• YOUR INSTRUCTIONS:
Your answer should be every line of the entries that has the string "with" in it.

• Stored dataset items:
-- Opening Marker --
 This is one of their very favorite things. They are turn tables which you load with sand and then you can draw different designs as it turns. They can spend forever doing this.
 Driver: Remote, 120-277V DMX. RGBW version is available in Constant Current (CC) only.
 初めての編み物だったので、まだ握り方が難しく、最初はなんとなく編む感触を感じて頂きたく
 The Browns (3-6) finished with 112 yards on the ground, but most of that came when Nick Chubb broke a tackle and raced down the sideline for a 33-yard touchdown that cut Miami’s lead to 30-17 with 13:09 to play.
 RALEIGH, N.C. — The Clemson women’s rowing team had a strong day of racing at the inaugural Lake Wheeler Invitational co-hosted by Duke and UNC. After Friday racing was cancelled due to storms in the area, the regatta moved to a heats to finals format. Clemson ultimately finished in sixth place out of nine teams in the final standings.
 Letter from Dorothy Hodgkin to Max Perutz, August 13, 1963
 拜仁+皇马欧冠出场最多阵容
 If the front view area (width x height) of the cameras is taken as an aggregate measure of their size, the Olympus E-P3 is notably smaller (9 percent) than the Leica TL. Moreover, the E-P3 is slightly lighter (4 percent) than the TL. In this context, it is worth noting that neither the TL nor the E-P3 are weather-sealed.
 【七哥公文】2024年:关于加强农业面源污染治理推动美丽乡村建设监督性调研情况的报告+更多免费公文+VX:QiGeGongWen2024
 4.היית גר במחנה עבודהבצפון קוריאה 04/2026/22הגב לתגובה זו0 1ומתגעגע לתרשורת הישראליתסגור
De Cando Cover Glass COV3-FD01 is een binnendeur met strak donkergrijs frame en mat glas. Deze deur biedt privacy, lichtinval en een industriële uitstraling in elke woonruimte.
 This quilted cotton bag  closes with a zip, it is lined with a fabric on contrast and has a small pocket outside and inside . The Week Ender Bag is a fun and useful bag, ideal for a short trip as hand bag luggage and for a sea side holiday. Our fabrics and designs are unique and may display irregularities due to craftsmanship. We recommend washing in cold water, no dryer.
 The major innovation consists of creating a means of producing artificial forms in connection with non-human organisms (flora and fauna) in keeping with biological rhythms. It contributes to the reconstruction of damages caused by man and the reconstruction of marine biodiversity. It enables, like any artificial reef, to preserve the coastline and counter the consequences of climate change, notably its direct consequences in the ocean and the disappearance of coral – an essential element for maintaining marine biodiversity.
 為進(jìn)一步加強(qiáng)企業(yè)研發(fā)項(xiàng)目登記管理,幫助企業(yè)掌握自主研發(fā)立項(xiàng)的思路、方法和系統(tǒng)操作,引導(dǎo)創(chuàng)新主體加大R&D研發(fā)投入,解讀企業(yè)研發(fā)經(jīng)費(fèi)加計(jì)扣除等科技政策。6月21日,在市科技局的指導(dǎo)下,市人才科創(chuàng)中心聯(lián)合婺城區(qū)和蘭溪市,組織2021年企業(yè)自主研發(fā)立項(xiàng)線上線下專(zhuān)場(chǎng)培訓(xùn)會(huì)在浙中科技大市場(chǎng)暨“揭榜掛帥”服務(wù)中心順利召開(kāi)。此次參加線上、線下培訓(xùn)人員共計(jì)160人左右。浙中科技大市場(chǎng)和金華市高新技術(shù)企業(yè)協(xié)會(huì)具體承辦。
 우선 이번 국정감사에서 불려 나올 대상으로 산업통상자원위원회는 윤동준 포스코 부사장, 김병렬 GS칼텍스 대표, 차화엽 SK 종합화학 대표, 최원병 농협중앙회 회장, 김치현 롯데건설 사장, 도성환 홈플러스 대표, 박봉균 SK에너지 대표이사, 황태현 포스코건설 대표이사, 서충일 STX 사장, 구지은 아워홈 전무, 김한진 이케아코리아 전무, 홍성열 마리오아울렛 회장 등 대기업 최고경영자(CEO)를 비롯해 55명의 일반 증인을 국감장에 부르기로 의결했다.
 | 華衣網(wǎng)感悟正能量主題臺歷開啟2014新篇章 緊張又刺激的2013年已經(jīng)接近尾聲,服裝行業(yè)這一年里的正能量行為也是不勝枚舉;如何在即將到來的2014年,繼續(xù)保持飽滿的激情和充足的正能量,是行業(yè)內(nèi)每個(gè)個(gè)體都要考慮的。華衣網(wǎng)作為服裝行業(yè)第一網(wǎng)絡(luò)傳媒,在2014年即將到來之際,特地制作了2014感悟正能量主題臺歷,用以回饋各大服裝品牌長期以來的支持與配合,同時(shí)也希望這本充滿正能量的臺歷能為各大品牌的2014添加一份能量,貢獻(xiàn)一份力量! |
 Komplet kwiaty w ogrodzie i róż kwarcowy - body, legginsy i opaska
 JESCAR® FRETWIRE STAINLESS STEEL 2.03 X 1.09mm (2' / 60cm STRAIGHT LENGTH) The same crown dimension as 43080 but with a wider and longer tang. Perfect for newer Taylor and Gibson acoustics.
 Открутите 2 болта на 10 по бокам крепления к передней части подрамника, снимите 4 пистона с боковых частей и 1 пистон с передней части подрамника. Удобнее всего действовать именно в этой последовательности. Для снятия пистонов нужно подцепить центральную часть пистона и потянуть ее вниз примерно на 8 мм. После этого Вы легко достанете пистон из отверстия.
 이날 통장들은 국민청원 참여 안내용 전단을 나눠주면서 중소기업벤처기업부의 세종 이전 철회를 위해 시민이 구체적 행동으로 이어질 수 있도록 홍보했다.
-- Closing Marker --
• ANSWER TO THIS PROBLEM:
 This is one of their very favorite things. They are turn tables which you load with sand and then you can draw different designs as it turns. They can spend forever doing this.
 The Browns (3-6) finished with 112 yards on the ground, but most of that came when Nick Chubb broke a tackle and raced down the sideline for a 33-yard touchdown that cut Miami’s lead to 30-17 with 13:09 to play.
 This quilted cotton bag  closes with a zip, it is lined with a fabric on contrast and has a small pocket outside and inside . The Week Ender Bag is a fun and useful bag, ideal for a short trip as hand bag luggage and for a sea side holiday. Our fabrics and designs are unique and may display irregularities due to craftsmanship. We recommend washing in cold water, no dryer.
 The major innovation consists of creating a means of producing artificial forms in connection with non-human organisms (flora and fauna) in keeping with biological rhythms. It contributes to the reconstruction of damages caused by man and the reconstruction of marine biodiversity. It enables, like any artificial reef, to preserve the coastline and counter the consequences of climate change, notably its direct consequences in the ocean and the disappearance of coral – an essential element for maintaining marine biodiversity.
 JESCAR® FRETWIRE STAINLESS STEEL 2.03 X 1.09mm (2' / 60cm STRAIGHT LENGTH) The same crown dimension as 43080 but with a wider and longer tang. Perfect for newer Taylor and Gibson acoustics.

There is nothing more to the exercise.